All pictures must be left out as you transcribe the lines from the first line of the data to the line containing "The cabinet has", both included.

____

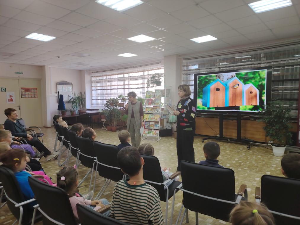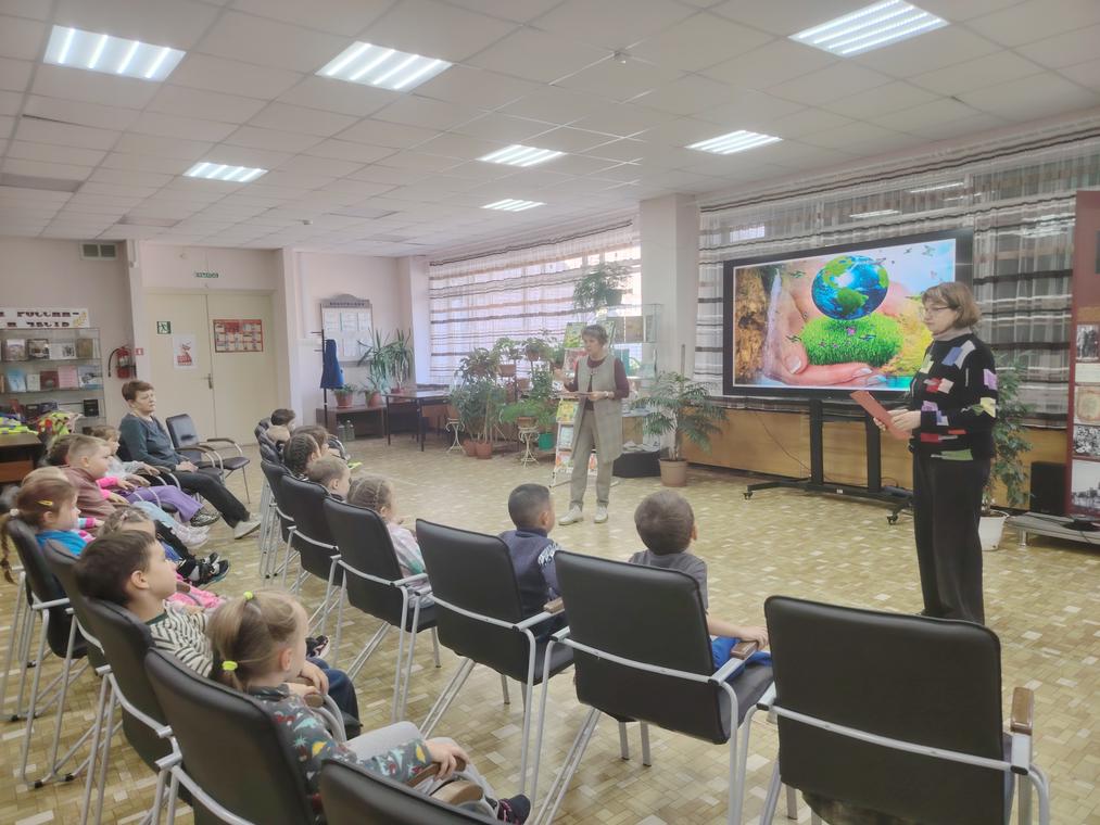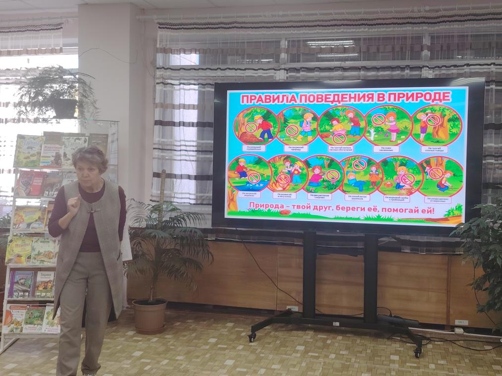 Ребята прослушали небольшую беседу о том, что планета – наш большой общий дом и вести себя в нём надо разумно, осознанно и с любовью, узнали о чудесах, происходящих в природе, а затем приняли участие в экологической игре и вспомнили много интересного из жизни растений и животных. Для ребят была организована выставка «Природы дивный мир». Повторили правила поведения в лесу, рассмотрели и объяснили значение природоохранных знаков.
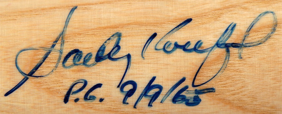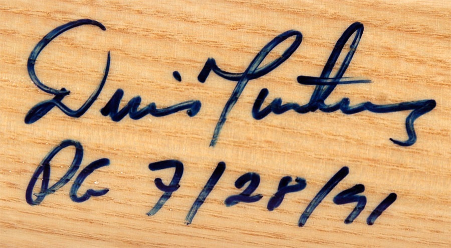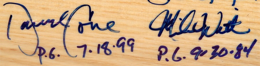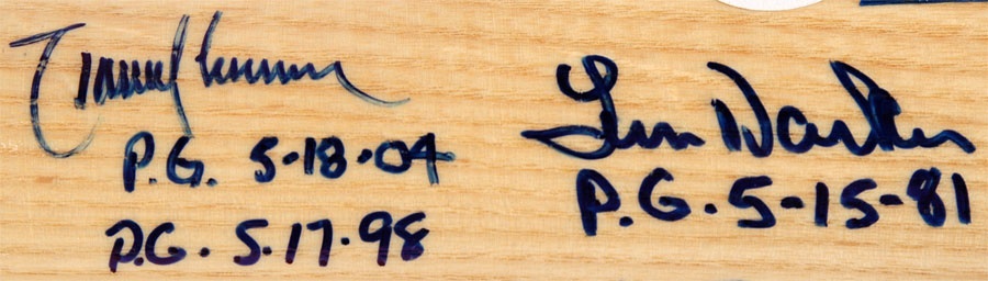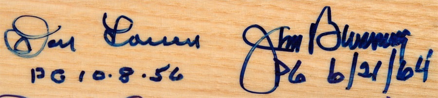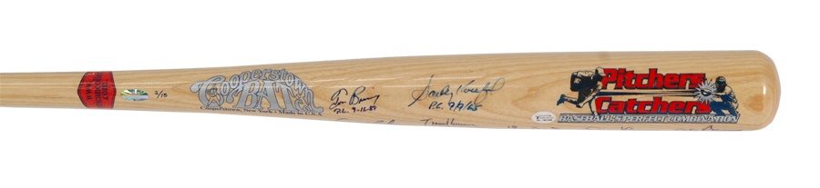 One of the rarest feats in baseball is the perfect game, of which there have only been 20 instances heading into the 2011 season. More than half of the pitchers who have achieved the feat - 11 in total - have autographed this special, NRMT bat from the Cooperstown Bat Company, which only manufactured 15 (this is #2 of 15). Overall, 12 of the 20 perfect games are accounted for here. The signatures are from Jim Bunning, Sandy Koufax, Dennis Martinez, Len Barker, Don Larsen (the only one to throw a perfect game in the postseason), Tom Browning, Mike Warren, David Cone, Kenny Rogers, David Wells and Randy Johnson, who turned the trick twice. Each pitcher but Wells includes the date of his gem(s) under his name, and the signatures average 8/10.
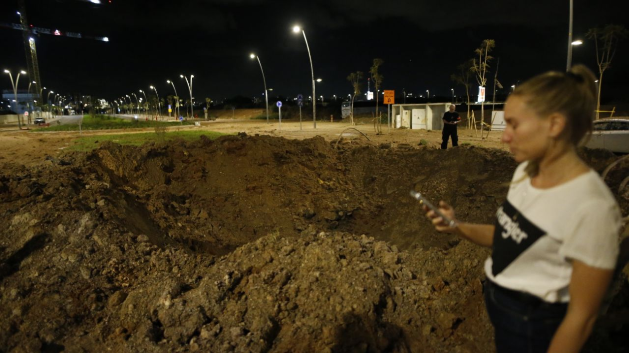 当地时间10月1日,以色列特拉维夫北部地面出现弹坑 图源:外媒
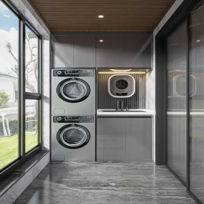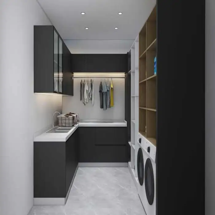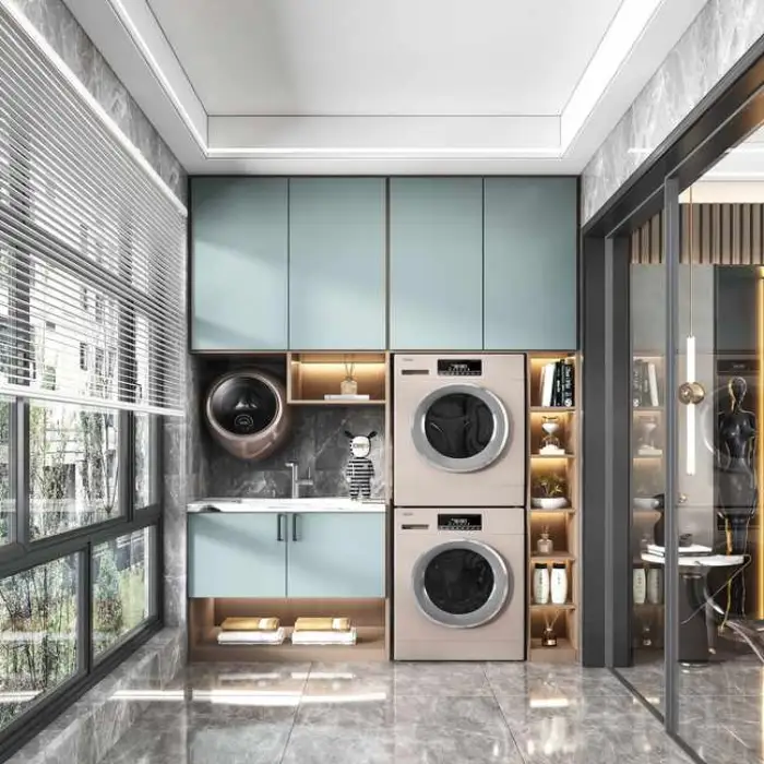 The cabinet has a modern design style that fits seamlessly into contemporary laundry rooms.
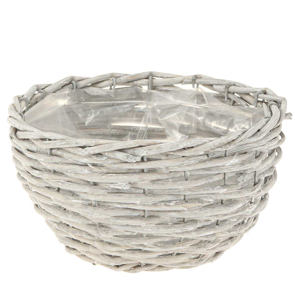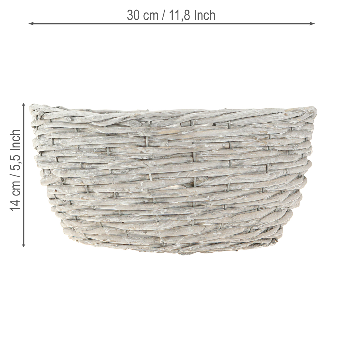 Adjon egy csipetnyi eleganciát otthonának fehér-szürkére mosott fűzfaágakból készült kerek növénykosár-készletünkkel. Ez a háromrészes készlet nemcsak egyszerű szépségével, hanem sokoldalú felhasználásával is lenyűgöz. Ennek a fonott kosárnak a kopott, elegáns megjelenése ideális ahhoz, hogy rusztikus, mégis elegáns megjelenést kölcsönözzön bármely helyiségnek. Legyen szó díszek dekoratív bemutatásáról száraz virághabon az étkezőben, vagy színes virágkompozíciók kereteként a nappaliban – ezek a kosarak igazi szemet gyönyörködtetőek. Körülbelül 30, 25 és 20 cm-es átmérőjükkel és fehér-szürke színükkel nemcsak sokoldalú dekorációs lehetőségeket kínálnak, hanem harmonikusan illeszkednek a meglévő belső terekbe. Növényi fóliával bélelt kosaraink tökéletesek kreatív beltéri kertészkedéshez, de nem időjárásálló természetes fajuk miatt érdemes védett helyen elhelyezni.
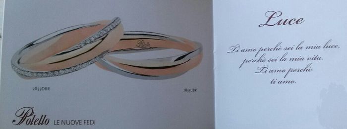 ciao a tutti volevo condividere con voi la mia gioia finalmente decise le fedi che portemo per sempre al dito,come le ho viste e stato amore allo stato puro,grazie anche a mio marito che mi a dato l ok nn ostaste il prezzo altissimo,
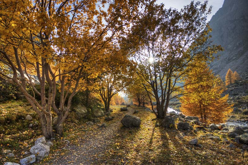 Chouette paysage en CJ avec de belles couleurs automnales presque un peu trop lumineux dans l'ensemble...? sinon juste la pierre coupée coin SO... et un petit personnage sur ce chemin pour le dynamisme et la touche de vie...?
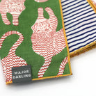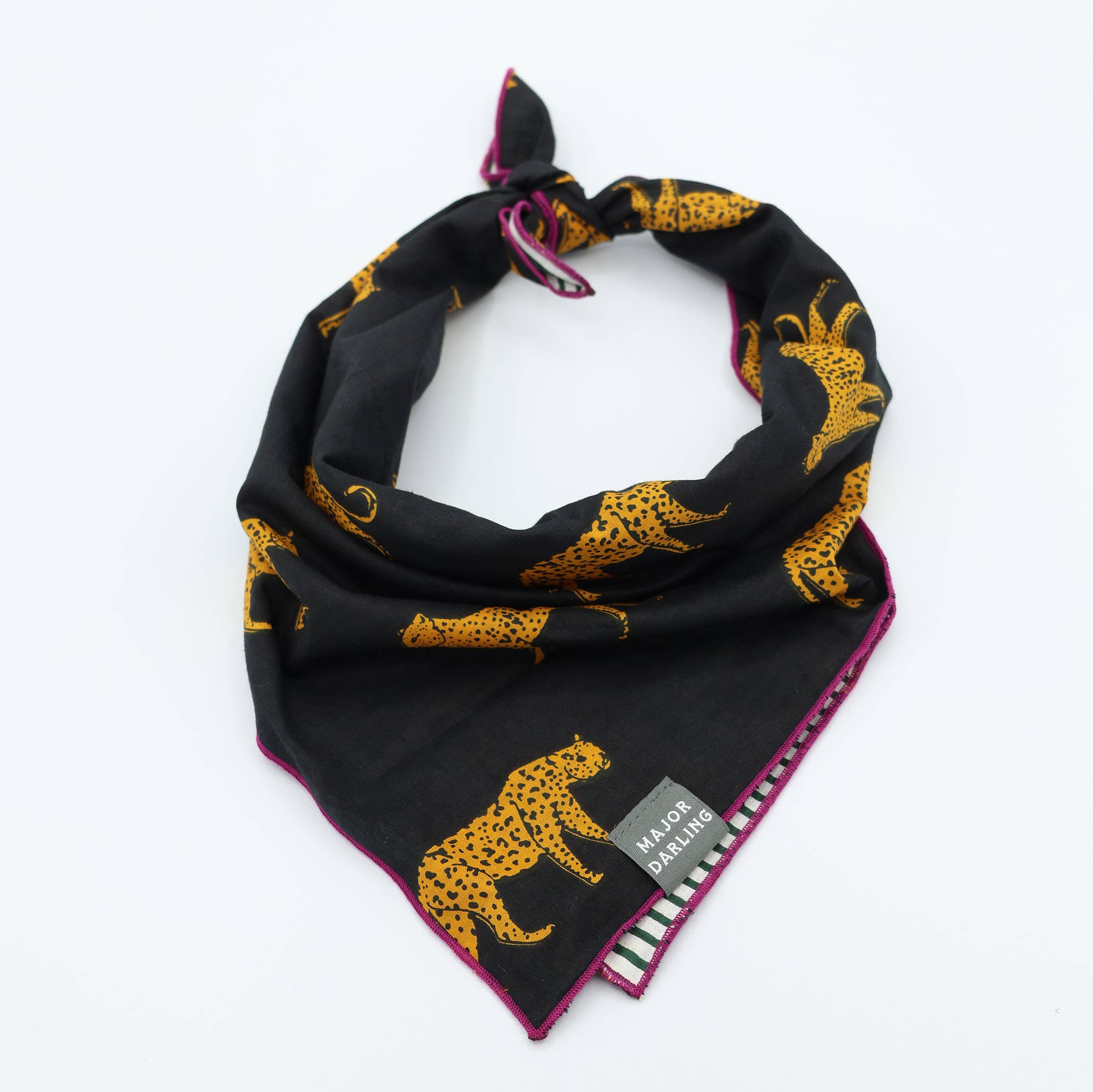 Two looks in one! Reversible bandana made with hand block printed fabric and a contrast rolled hem. Pre-washed and super soft! Roughly 21" square.
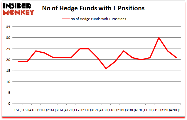 At Q1’s end, a total of 21 of the hedge funds tracked by Insider Monkey were bullish on this stock, a change of -13% from the previous quarter. By comparison, 20 hedge funds held shares or bullish call options in L a year ago. With hedgies’ capital changing hands, there exists an “upper tier” of noteworthy hedge fund managers who were increasing their stakes substantially (or already accumulated large positions).
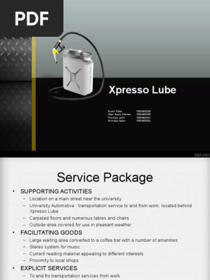 The presentation is a complete solution to the popular xpresso lube case study of services management. Xpresso Lube was found because Charlie had an unpleasant experience while getting his car oil changed. All similarities among and his fellow mechanics conclude there nevertheless.
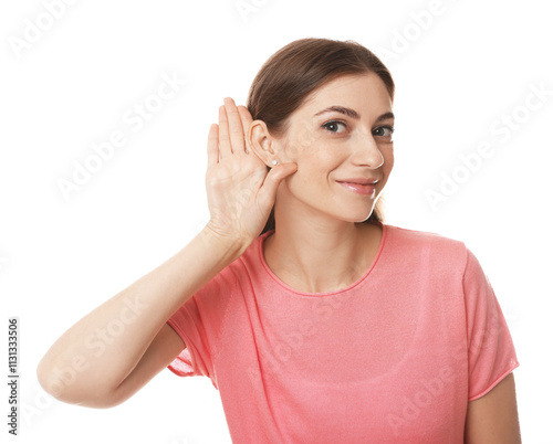 acoustic, acoustical, adult, audio, auditory, earing, background, caucasian, communication, curiosity, ear, eardrum, eavesdrop, female, funny, gesture, gossip, hand, hear, hearing, interesting, isolated, listen, listening, louder, model, nosey, person, portrait, privacy, rumour, secrecy, secret, sensory, showing, sound, spy, volume, white, woman, young
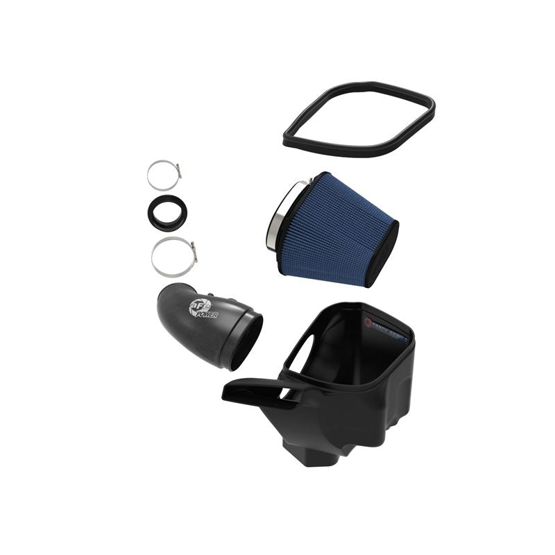 This 7in tall 360-degree radial flow air filter features a 6-1/8in x 4-1/8in oval flange and our oiled Pro 5R media with five layers of progressively finer cotton gauze media for maximum airflow and performance. This media is best suited for street and track use. The included massive air filter is surrounded by an open-element XLPE (cross-linked polyethylene) polymer housing that minimizes warm engine air for maximum performance. Its open design allows for easy viewing of the air filter and delivers an aggressive air intake sound. Multiple air inlets bring in cool air when under power. The lightweight tube is computer-designed to achieve maximum power gains while maintaining a perfect fit. Manufactured from 100% twill weave carbon fiber, it features zero fiberglass and is clear-coated for the highest quality construction. This intake is designed to use factory mounting locations, minimizing the use of unnecessary hardware, ensuring a perfect fit every time. Its revolutionary design, featuring our patent pending filter-to-housing interface uses half the number of parts of a traditional cold air intake system. Stainless-steel clamps are included for strength, and a premium bellows coupling allows for ample flexibility.

____

**Answer to this task**
 Ребята прослушали небольшую беседу о том, что планета – наш большой общий дом и вести себя в нём надо разумно, осознанно и с любовью, узнали о чудесах, происходящих в природе, а затем приняли участие в экологической игре и вспомнили много интересного из жизни растений и животных. Для ребят была организована выставка «Природы дивный мир». Повторили правила поведения в лесу, рассмотрели и объяснили значение природоохранных знаков.
 One of the rarest feats in baseball is the perfect game, of which there have only been 20 instances heading into the 2011 season. More than half of the pitchers who have achieved the feat - 11 in total - have autographed this special, NRMT bat from the Cooperstown Bat Company, which only manufactured 15 (this is #2 of 15). Overall, 12 of the 20 perfect games are accounted for here. The signatures are from Jim Bunning, Sandy Koufax, Dennis Martinez, Len Barker, Don Larsen (the only one to throw a perfect game in the postseason), Tom Browning, Mike Warren, David Cone, Kenny Rogers, David Wells and Randy Johnson, who turned the trick twice. Each pitcher but Wells includes the date of his gem(s) under his name, and the signatures average 8/10.
 当地时间10月1日,以色列特拉维夫北部地面出现弹坑 图源:外媒
 The cabinet has a modern design style that fits seamlessly into contemporary laundry rooms.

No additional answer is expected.